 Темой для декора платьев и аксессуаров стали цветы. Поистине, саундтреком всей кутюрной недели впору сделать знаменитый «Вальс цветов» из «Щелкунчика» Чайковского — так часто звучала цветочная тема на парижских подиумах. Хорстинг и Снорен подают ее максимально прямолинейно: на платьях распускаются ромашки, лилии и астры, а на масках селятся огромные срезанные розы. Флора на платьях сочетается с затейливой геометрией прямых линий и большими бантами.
▬▬▬
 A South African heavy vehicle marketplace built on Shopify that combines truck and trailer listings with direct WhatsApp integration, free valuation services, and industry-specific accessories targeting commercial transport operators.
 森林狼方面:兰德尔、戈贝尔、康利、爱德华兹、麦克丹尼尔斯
▬▬▬
Your task — The response should hold exactly the lines starting at the line with "A South African" and ending at the line with "森林狼方面:兰德尔、戈贝尔、康利、爱德华兹、麦克丹尼尔斯", and no other line of the material above.

Answer —
 A South African heavy vehicle marketplace built on Shopify that combines truck and trailer listings with direct WhatsApp integration, free valuation services, and industry-specific accessories targeting commercial transport operators.
 森林狼方面:兰德尔、戈贝尔、康利、爱德华兹、麦克丹尼尔斯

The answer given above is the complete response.